5. Sharding: Use for large-scale datasets

   # When you have millions of small chunks
   shards=(10*chunk_size, 10*chunk_size)

6. Parallel I/O: Use Dask for large operations

   import dask.array as da
   dask_array = da.from_zarr('data.zarr')
   result = dask_array.compute(scheduler='threads', num_workers=8)

Profiling and Debugging

# Print detailed array information
print(z.info)

# Output includes:
# - Type, shape, chunks, dtype
# - Serializer and compressors
# - Storage size (compressed vs uncompressed)
# - Storage location

# Check storage size
print(f"Compressed size: {z.nbytes_stored / 1e6:.2f} MB")
print(f"Uncompressed size: {z.nbytes / 1e6:.2f} MB")
print(f"Compression ratio: {z.nbytes / z.nbytes_stored:.2f}x")

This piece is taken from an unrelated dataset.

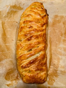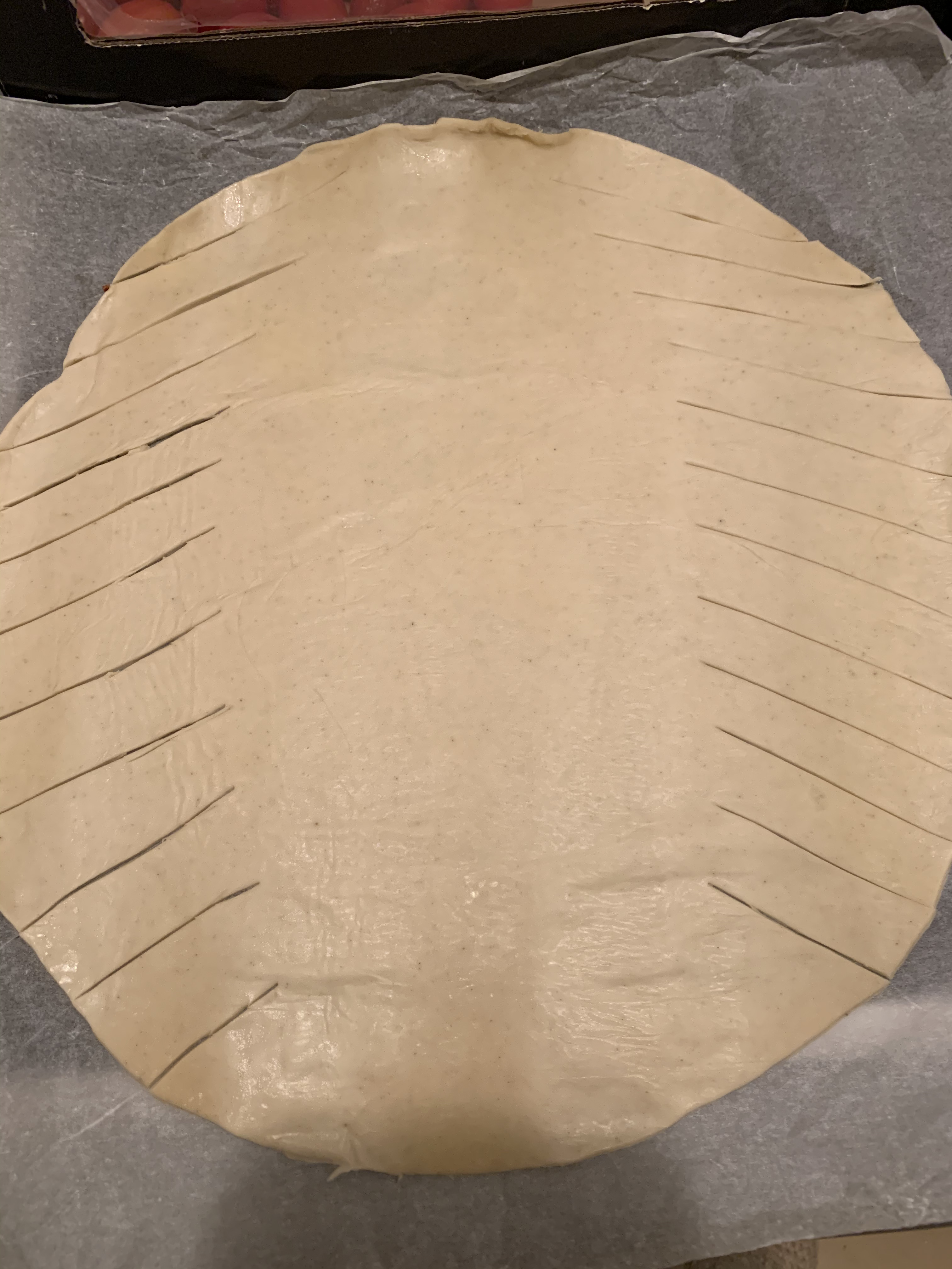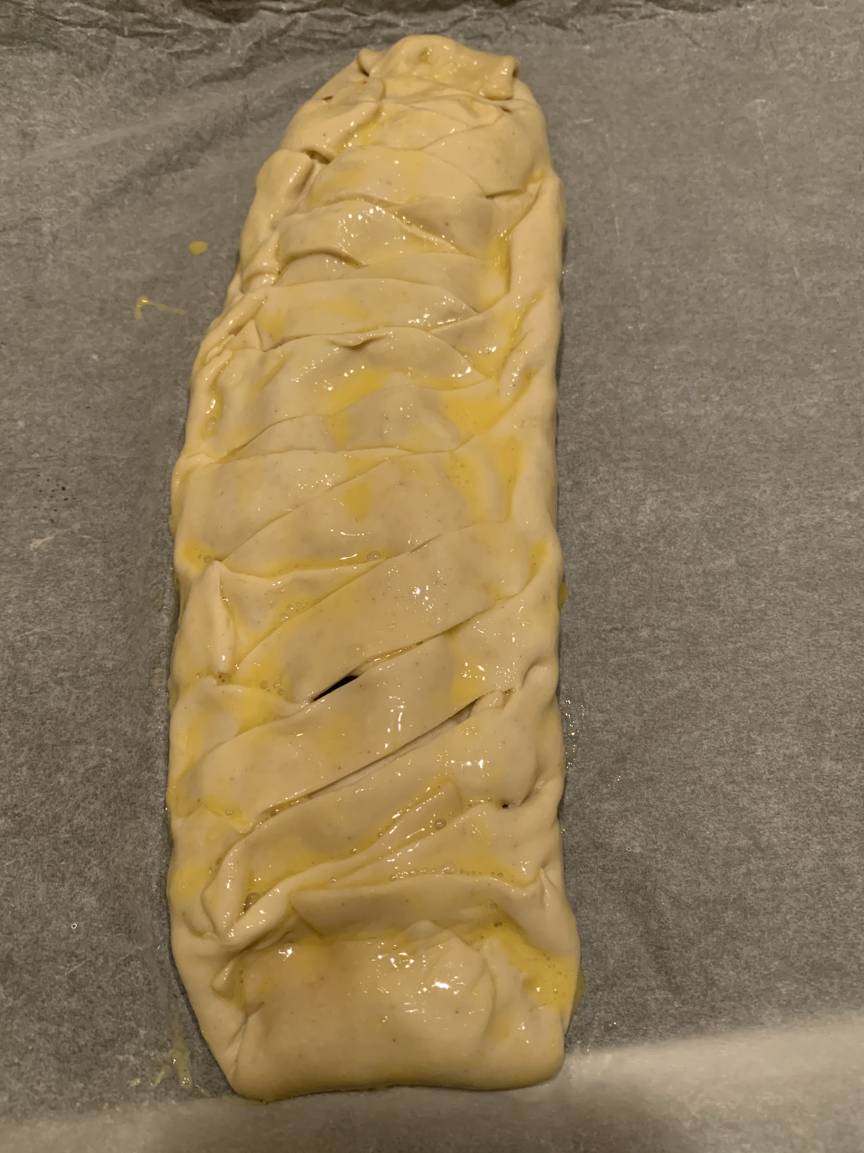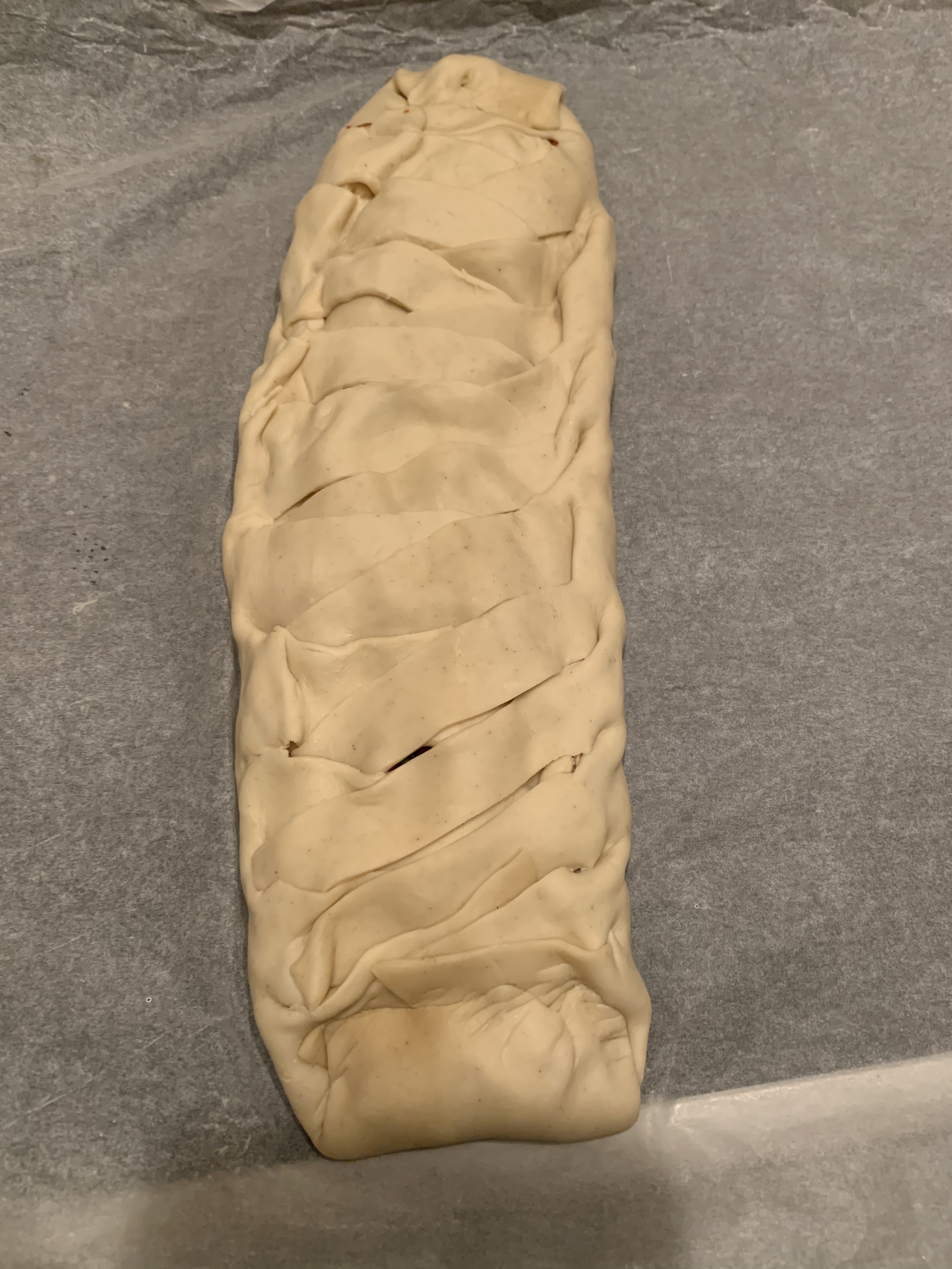Ahora toca un paso OPCIONAL, que es darle forma de trenza como en la foto. Si no os apetece, pasad al siguiente paso y os cuento cómo hacerlo (básicamente lo enrollaríamos al final tipo brazo de gitano). Para darle forma de trenza, hacemos unos cortes con un cuchillo como en la foto, dejando el centro sin tocar. Luego seguiremos con la presentación.

Common Patterns and Best Practices

Pattern: Time Series Data

# Store time series with time as first dimension
# This allows efficient appending of new time steps
z = zarr.open('timeseries.zarr', mode='a',
              shape=(0, 720, 1440),  # Start with 0 time steps
              chunks=(1, 720, 1440),  # One time step per chunk
              dtype='f4')

# Append new time steps
new_data = np.random.random((1, 720, 1440))
z.append(new_data, axis=0)

Pattern: Large Matrix Operations

import dask.array as da

# Create large matrix in Zarr
z = zarr.open('matrix.zarr', mode='w',
              shape=(100000, 100000),
              chunks=(1000, 1000),
              dtype='f8')

# Use Dask for parallel computation
dask_z = da.from_zarr('matrix.zarr')
result = (dask_z @ dask_z.T).compute()  # Parallel matrix multiply

Pattern: Cloud-Native Workflow

import zarr

path = "s3://my-bucket/data.zarr"
z = zarr.create_array(
    store=path,
    shape=(10000, 10000),
    chunks=(500, 500),
    dtype="f4",
    storage_options={"anon": False},
)
z[:] = data

zarr.consolidate_metadata(path)
z_read = zarr.open_consolidated(path, storage_options={"anon": False})
subset = z_read[0:100, 0:100]

Pattern: Format Conversion

# HDF5 to Zarr
import h5py
import zarr

with h5py.File('data.h5', 'r') as h5:
    dataset = h5['dataset_name']
    z = zarr.array(dataset[:],
                   chunks=(1000, 1000),
                   store='data.zarr')

# NumPy to Zarr
import numpy as np
data = np.load('data.npy')
z = zarr.array(data, chunks='auto', store='data.zarr')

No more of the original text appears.